AI Beats Out Clinicians in Triaging Postoperative Patients for ICU
Results from a pilot study that found a machine-learned algorithm correctly triaged the vast majority of postoperative patients to the intensive care unit were presented at the American College of Surgeons Clinical Congress 2019.
October 30, 2019
How good is artificial intelligence in decision-making? Not bad according to findings from a pilot study that was recently presented at the American College of Surgeons Clinical Congress 2019.
Findings from the study show AI in the form of a machine-learned algorithm correctly triaged the vast majority of postoperative patients to the intensive care unit in its first proof-of-concept application in a university hospital setting.
As it stands now surgical teams typically rely on clinical judgment to decide which patients need postoperative intense care because there is no single set of fixed criteria to make the determination. The result is that clinicians typically over-triage, meaning if they are in doubt, they err on the side of caution and send a patient to intensive care. However, over-triaging may result in admitting a patient to the ICU who doesn't need to be there.

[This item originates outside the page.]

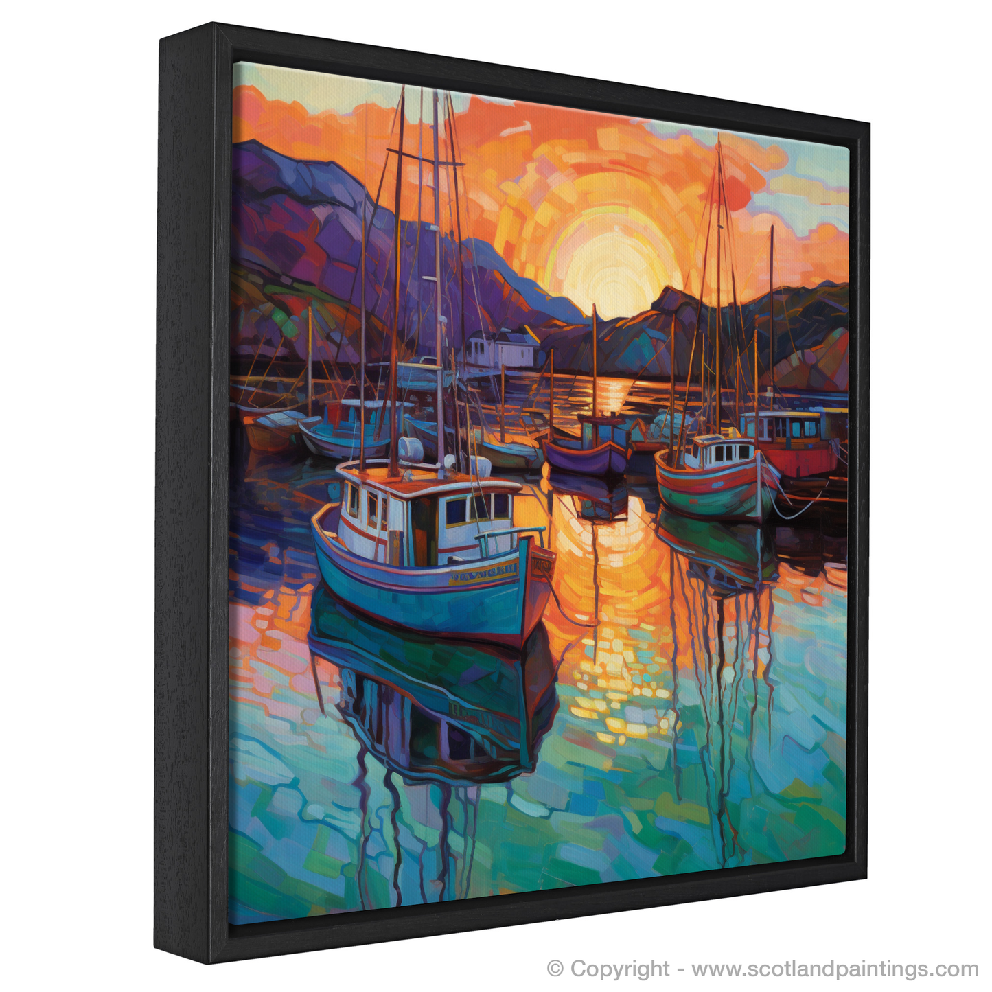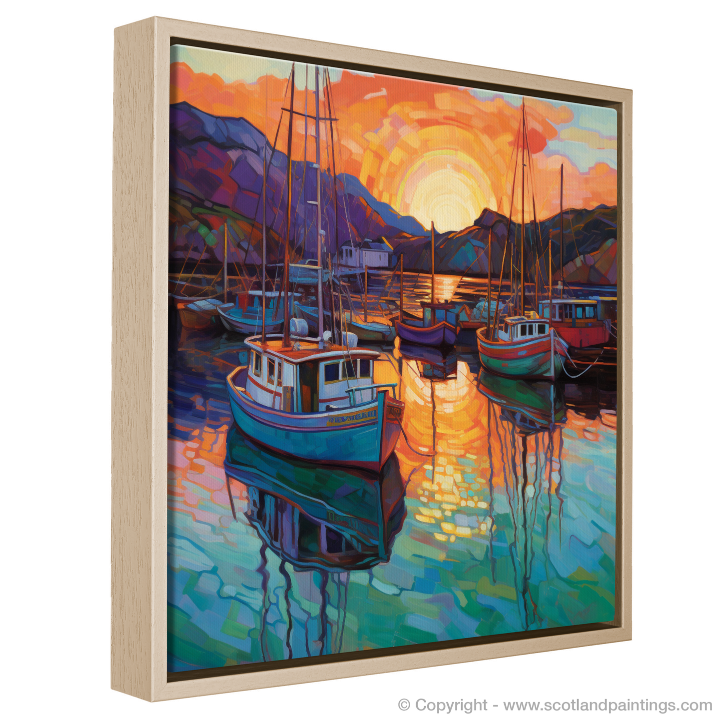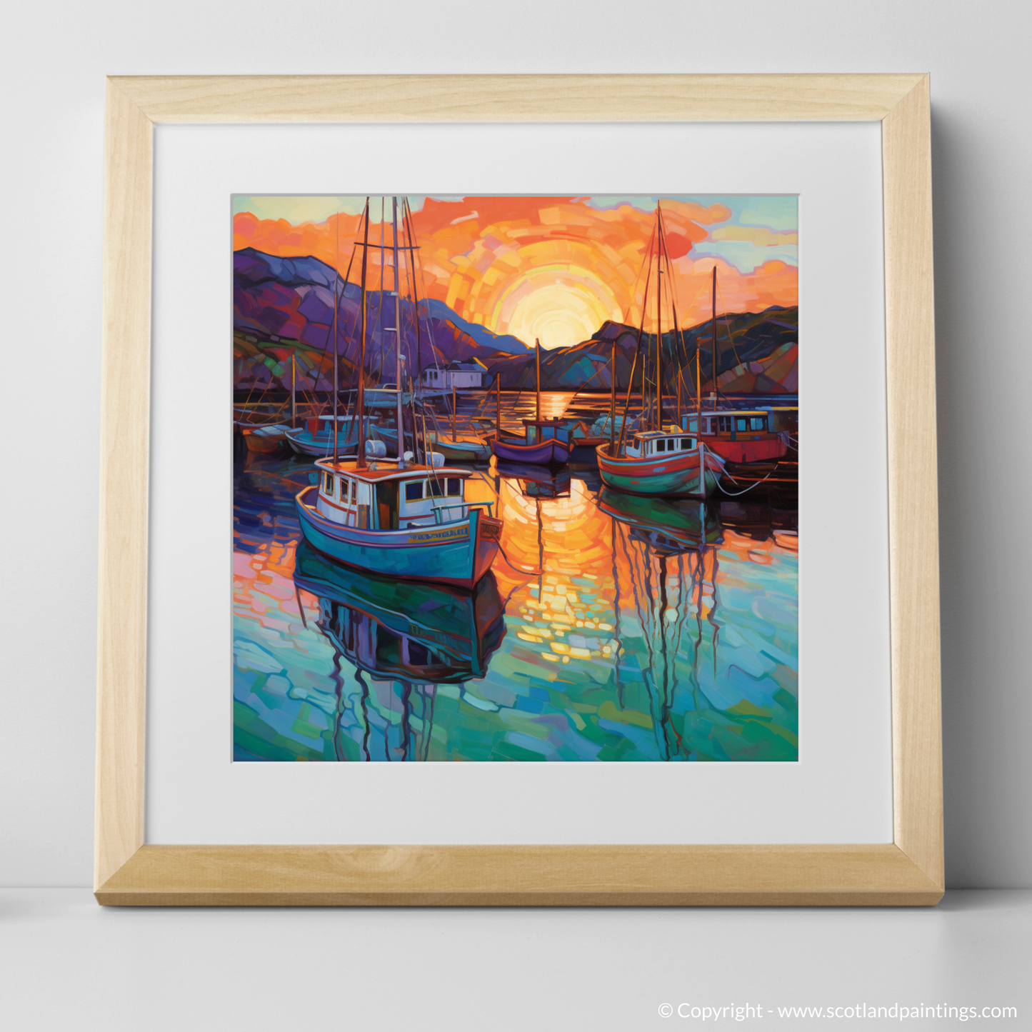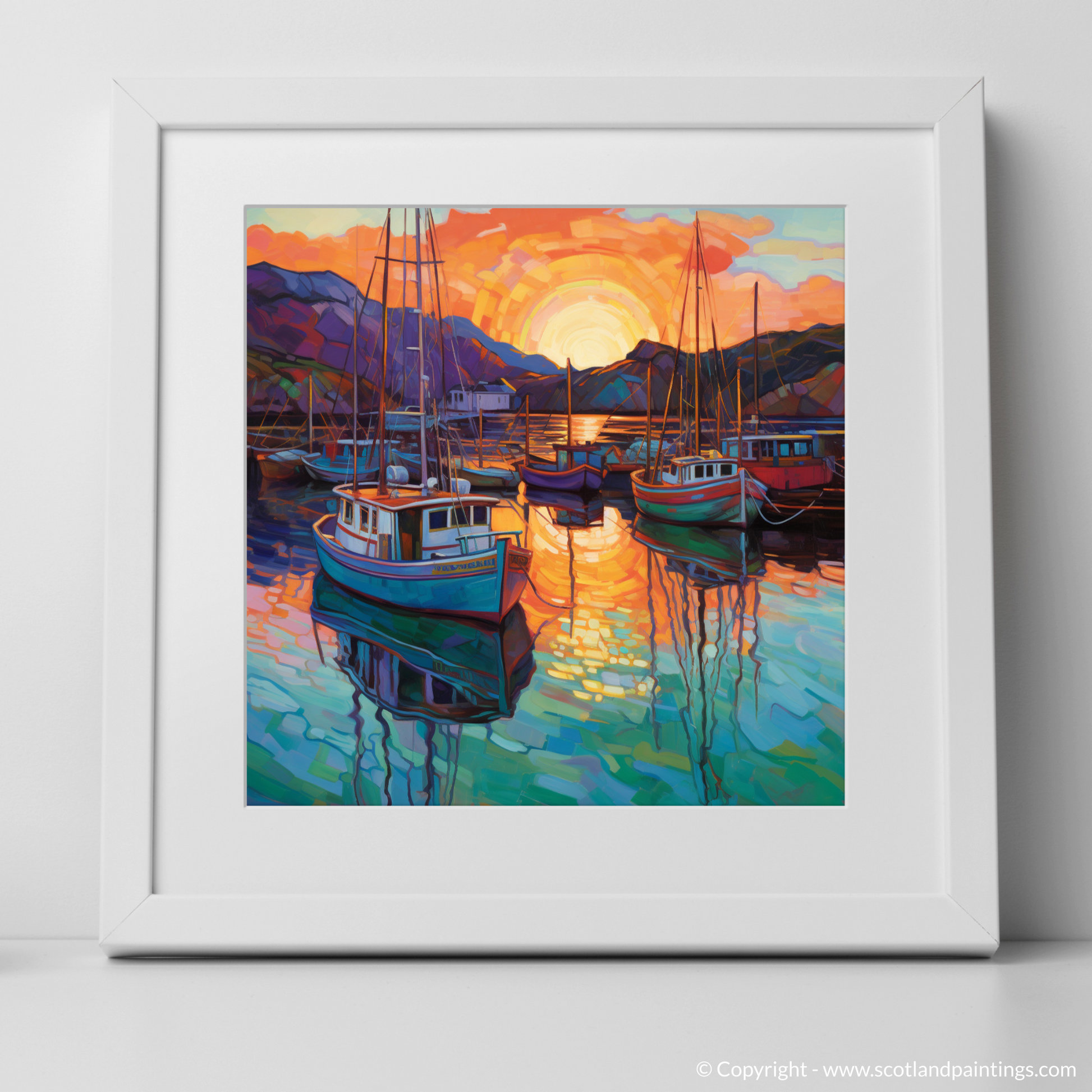 The mountains in the backdrop, set against the retreating sun, rise with a quiet dignity, their silhouetted forms contributing to the overall serenity of the harbour. The painting's application of bold, contrasting tones and the fluidity of the seemingly spontaneous brushwork bring a contemporary vibrancy to the traditional scenery, inviting the viewer to experience a well-known Scottish locale through an entirely new lens.

"In those cases, the patient may be unnecessarily exposed to multidrug-resistant bacteria and have an increased overall length of stay. On the other hand, under-triaging means a patient that should have been in the ICU is sent to a recovery or step-down unit, and the opportunity for quick rescue of a deteriorating condition is delayed because monitoring is not as intense," Marcovalerio Melis, MD, FACS, an associate professor of surgery, New York University Langone Hospital System, New York City, and coauthor of the pilot study, said in a release.
The resulting algorithm included 87 clinical variables and 15 specific criteria related to the appropriateness of admission to the ICU within 48 hours of surgery. Admission to the ICU was considered appropriate if one of these criteria was met. The criteria included: intubation for more than 12 hours, reintubation, respiratory or circulatory arrest, call for rapid response or code, blood pressure below 100/60 mHg for two consecutive hours, heart rate below 60 or above 110 bpm for two consecutive hours, use of pressors, placement of a central venous line or Swan-Ganz catheter, echocardiogram, new onset of cardiac arrhythmia, myocardial infarction, return to the operating room, blood transfusion requiring more than 4 units, or readmission to the ICU after a prior admission.
Researchers prepared a questionnaire to prospectively ask clinicians how they would evaluate the need for intensive care for each patient.
AI correctly triaged 41 of the 50 patients in the study (82%). Surgeons had an accuracy triage rate of 70% (35 patients), intensivists 64% (32 patients), and anesthesiologists 58% (29 patients). The number of incorrect triage decisions was lowest for AI (18%), followed by 30% for surgeons, 36% for intensivists, and 42% for anesthesiologists.
The rate of undertriage was similar for AI (12%) and surgeons (10%); the rate of overtriage was much lower for AI (6%) than for the clinicians whose rates ranged from 20% to 40%. Further, AI achieved a positive predictive rate of 50% and negative predictive rate of 86%.
Although the algorithm in this study clearly outperformed clinicians' judgment, it is the first step. The surgical researchers plan to apply the algorithm to other populations of patients and include other demographic and clinical features.